Task details:
Set every line of the data down again exactly, and keep the pictures out.

===== Input data

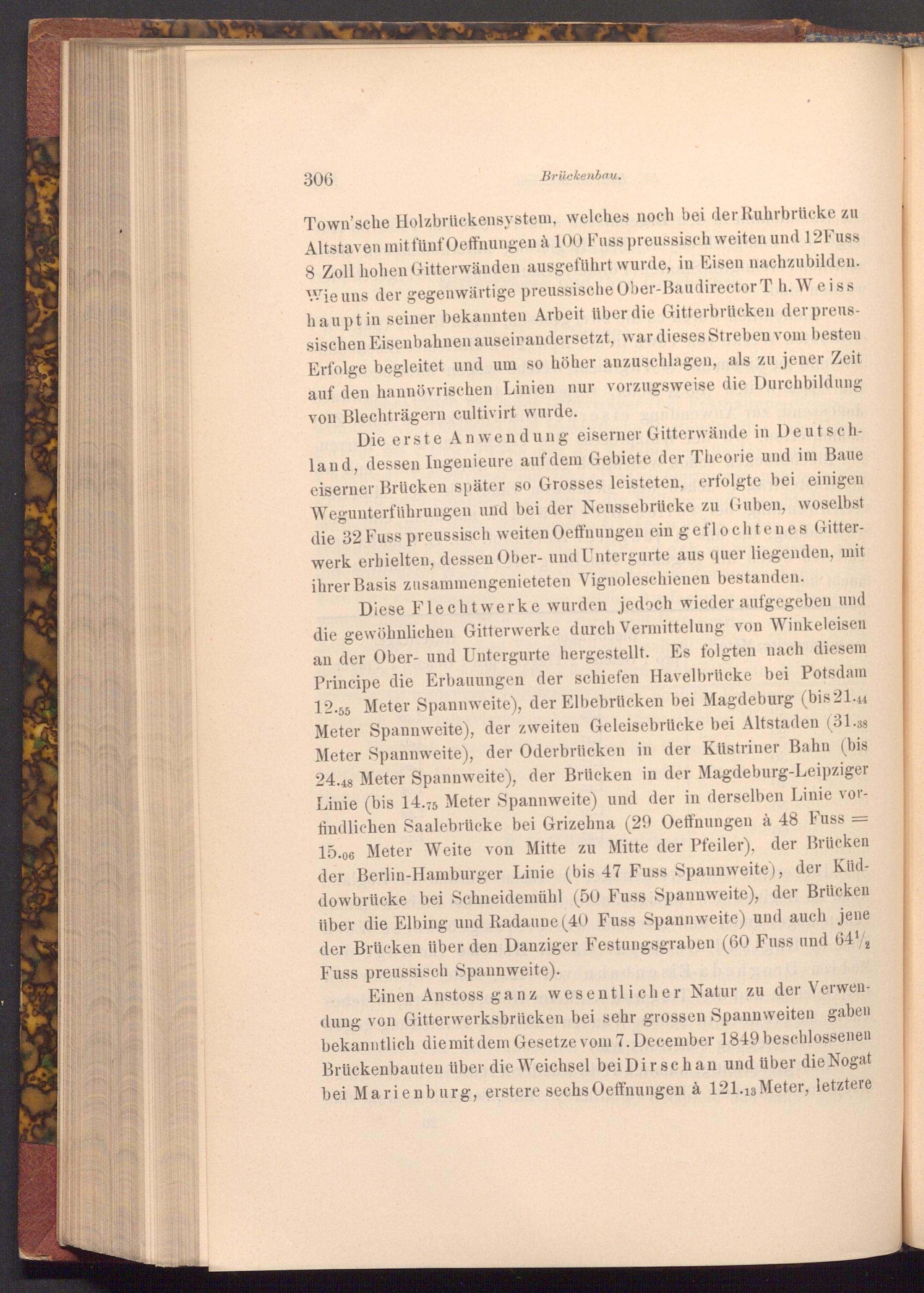 Diese Flechtwerke wurden jedoch wieder aufgegeben und die gewöhnlichen Gitterwerke durch Vermittelung von Winkeleisen an der Ober- und Untergurte hergestellt. Es folgten nach diesem Principe die Erbauungen der schiefen Havelbrücke bei Potsdam 12.55 Meter Spannweite), der Elbebrücken bei Magdeburg( bis 21.44 Meter Spannweite), der zweiten Geleisebrücke bei Altstaden( 31.38 Meter Spannweite), der Oderbrücken in der Küstriner Bahn( bis 24.48 Meter Spannweite), der Brücken in der Magdeburg- Leipziger Linie( bis 14.75 Meter Spannweite) und der in derselben Linie vorfindlichen Saalebrücke bei Grizehna( 29 Oeffnungen à 48 Fuss 15.06 Meter Weite von Mitte zu Mitte der Pfeiler), der Brücken der Berlin- Hamburger Linie( bis 47 Fuss Spannweite), der Küddowbrücke bei Schneidemühl( 50 Fuss Spannweite), der Brücken über die Elbing und Radaune( 40 Fuss Spannweite) und auch jene der Brücken über den Danziger Festungsgraben( 60 Fuss und 6412 Fuss preussisch Spannweite).
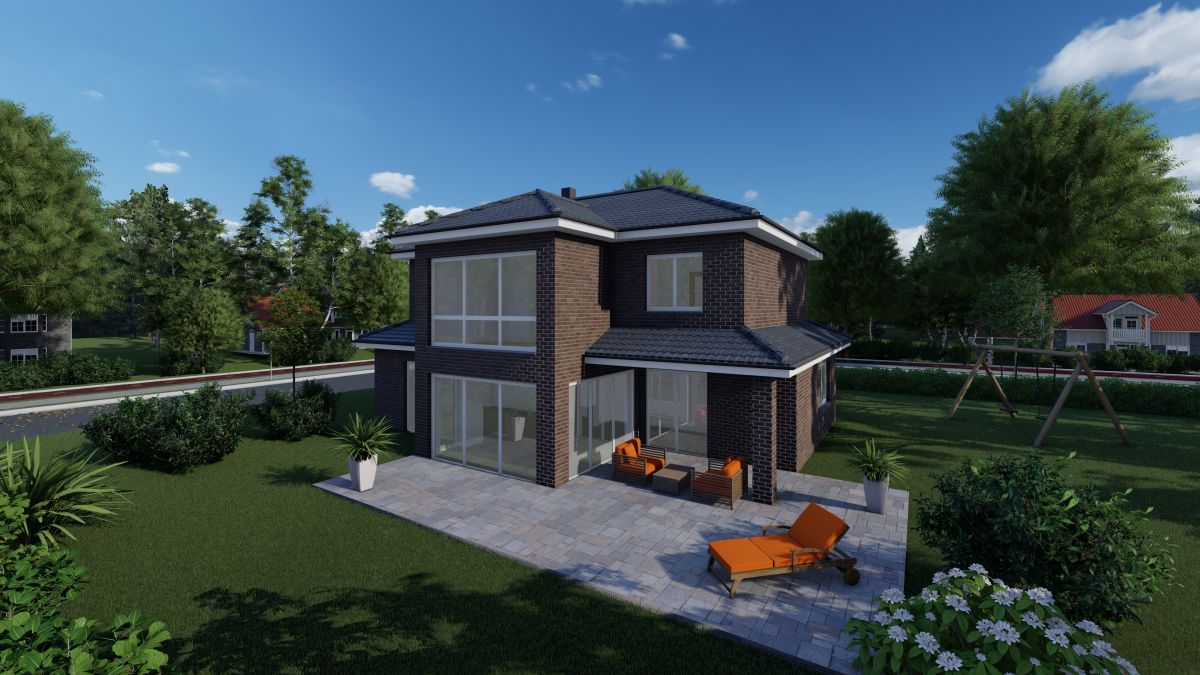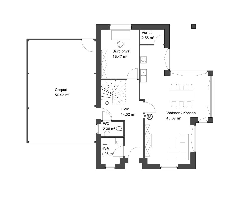 Erdgeschoss: offener Wohn- / Ess- und Kochbereich, HWR, Gäste-WC und Büro
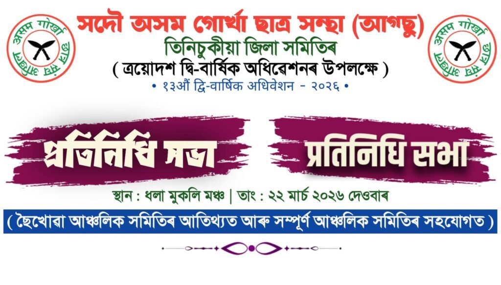लखीपथार, तिनसुकिया १९ मार्च: अखिल असम गोर्खा छात्र संघ (आग्सु) को संगठनात्मक संरचनामा एक महत्वपूर्ण तथा ऐतिहासिक निर्णय लिँदै लखीपथार
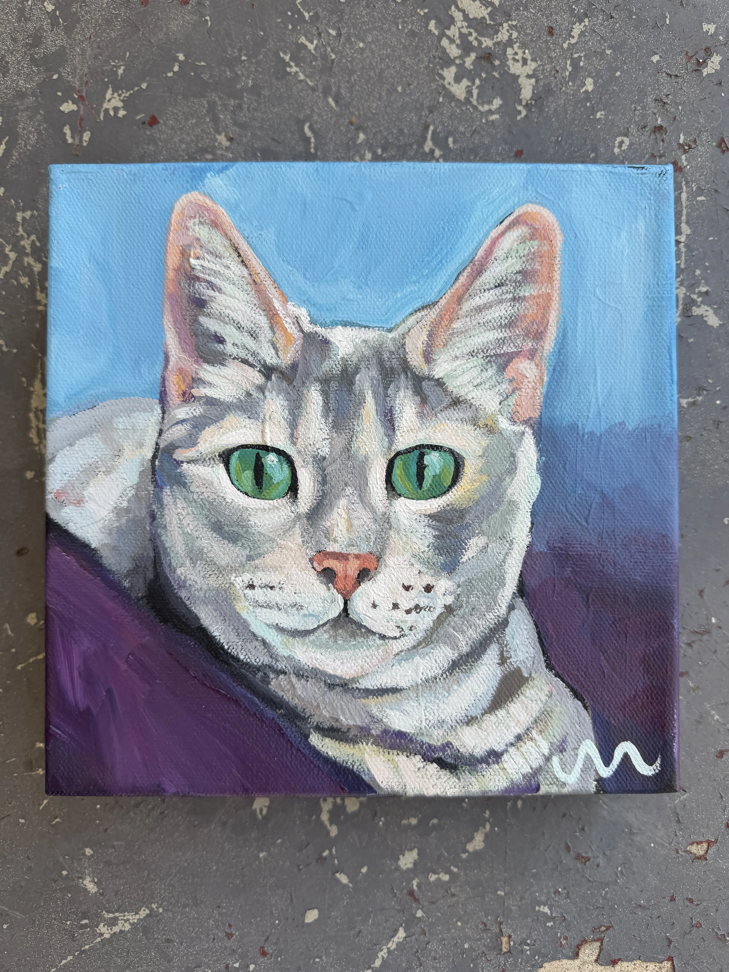 8x8 inch original acrylic painting on canvas. This was a commission for a friend. Their friend had a just lost their beloved pet and this was a very thoughtful gift for them as they were grieving their cat. Jan 7, 2025.

==========

Answer to this task:
 Diese Flechtwerke wurden jedoch wieder aufgegeben und die gewöhnlichen Gitterwerke durch Vermittelung von Winkeleisen an der Ober- und Untergurte hergestellt. Es folgten nach diesem Principe die Erbauungen der schiefen Havelbrücke bei Potsdam 12.55 Meter Spannweite), der Elbebrücken bei Magdeburg( bis 21.44 Meter Spannweite), der zweiten Geleisebrücke bei Altstaden( 31.38 Meter Spannweite), der Oderbrücken in der Küstriner Bahn( bis 24.48 Meter Spannweite), der Brücken in der Magdeburg- Leipziger Linie( bis 14.75 Meter Spannweite) und der in derselben Linie vorfindlichen Saalebrücke bei Grizehna( 29 Oeffnungen à 48 Fuss 15.06 Meter Weite von Mitte zu Mitte der Pfeiler), der Brücken der Berlin- Hamburger Linie( bis 47 Fuss Spannweite), der Küddowbrücke bei Schneidemühl( 50 Fuss Spannweite), der Brücken über die Elbing und Radaune( 40 Fuss Spannweite) und auch jene der Brücken über den Danziger Festungsgraben( 60 Fuss und 6412 Fuss preussisch Spannweite).
 Erdgeschoss: offener Wohn- / Ess- und Kochbereich, HWR, Gäste-WC und Büro
लखीपथार, तिनसुकिया १९ मार्च: अखिल असम गोर्खा छात्र संघ (आग्सु) को संगठनात्मक संरचनामा एक महत्वपूर्ण तथा ऐतिहासिक निर्णय लिँदै लखीपथार
 8x8 inch original acrylic painting on canvas. This was a commission for a friend. Their friend had a just lost their beloved pet and this was a very thoughtful gift for them as they were grieving their cat. Jan 7, 2025.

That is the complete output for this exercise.